Often, living becomes an extremely selfless act — we choose to stay because we can’t imagine putting our loved ones in that much pain. But just because staying is selfless doesn’t mean leaving is inherently selfish. It’s okay to be angry with someone for taking their life and to be angry with ourselves, but when my friend died, I wondered if blaming him for hurting people was the exact reason he chose to leave. 

We invalidated the immensity of the pain they feel. I wonder if some of the anger that we feel is misdirected toward the victim when maybe it should be toward ourselves. At least that’s what I tried to do. I wondered what I could have done differently, to aid him in getting the help that he needed. Someone dies from suicide every eleven minutes. Clearly, this issue is more than just individual. We are experiencing a mental health crisis. We all play a role in this epidemic, so maybe rather than asking why they did it, we ask instead what we could have done, and can we do that for someone else or for ourself so this doesn’t happen again.

For me, dealing with my mental illness took putting everything else in my life on hold. I first spent a month at a partial hospitalization program during my senior year of high school and dropped half my classes upon my return. Then, in my sophomore year of college, I took time off to go to residential treatment for my eating disorder. I resisted going each time, believing I wasn’t sick enough. Sure, I had issues, but there were other people who had it far worse. I had never actually tried to commit suicide, and I wasn’t even emaciated anymore, but there is no barometer to measure how sick someone is, and in many ways, I was on the brink of death. 

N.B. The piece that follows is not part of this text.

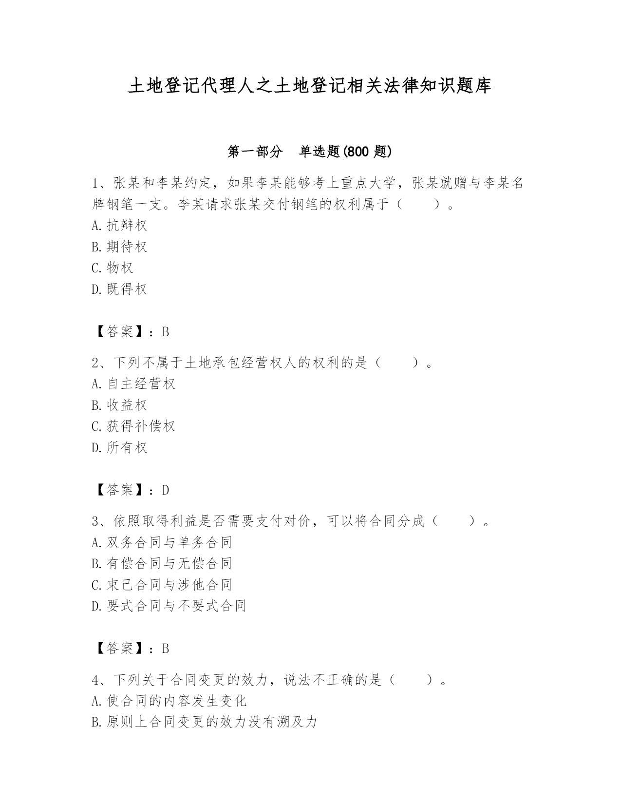 土地登记代理人之土地登记相关法律知识题库第一部分单选题(800题)1、张某和李某约定,如果李某能够考上重点大学,张某就赠与李某名牌钢笔一支。李某请求张某交付钢笔的权利属于()。A.抗辩权B.期待权C.物权D.既得权【答案】:B2、下列不属于土地承包经营权人的权利的是()。A.自主经营权B.收益权C.获得补偿权D.所有权【答案】:D3、依照取得利益是否需要支付对价,可以将合同分成()。A.双务合同与单务合同B.有偿合同与无偿合同C.束己合同与涉他合同D.要式合同与不要式合同【答案】:B4、下列关于合同变更的

If you feel like what you are doing isn’t working, if you feel like life feels bad more than it feels good, then it’s time to do something different. Don’t wait until you are too sick, or until it’s too late. Taking time off can feel scary, I know, but we have to take the time to take care of ourselves.

Unfortunately, the biggest reason for not receiving mental health treatment is cost barriers. This is a devastating reality, but even if this is the case, I urge you to still try because you don’t know what options might be available until you look. Most people don’t seek help because they don’t know where to go or they don’t have enough time. But I encourage you to reach out to Student Health and Wellness (SHAW), talk to your doctor, check out the Virtual Care Group or send me an e-mail. This is worth figuring out, I promise. 

I fear that time is the single biggest reason Grinnellians don’t get help. It was for me. How could I possibly fit therapy into my schedule? And taking time off from school to go to treatment didn’t feel like an option. I didn’t want to put my life on hold. I didn’t want to miss out. I learned that by not taking time off to heal and get the tools that I needed, I missed a lot more. If you aren’t in therapy, go to SHAW. If you are, talk to your therapist about other options.

Your mental health must take priority. I promise you that you will not be able to cure cancer or solve world hunger, or do any of the other things Grinnellians do, if you are deeply depressed. Living with mental illness causes us to miss out on laughs and smiles and connection and joy on a daily basis. You deserve all of these things, so please, do what you need to take care of you. And if that means taking time off, then do it. Taking time off doesn’t always mean going to residential treatment (although for some it might and there is no shame in that), but it might mean dropping an activity or a class so that you have time to go to therapy or go to support groups. 

Often, we are so afraid of missing out, but that only results in us only half living the moments we do have. Missing small moments now will ensure that we have more rich, full, beautiful moments. Don’t settle for a life half-lived in the confines of your mental illness. Take the time you need now.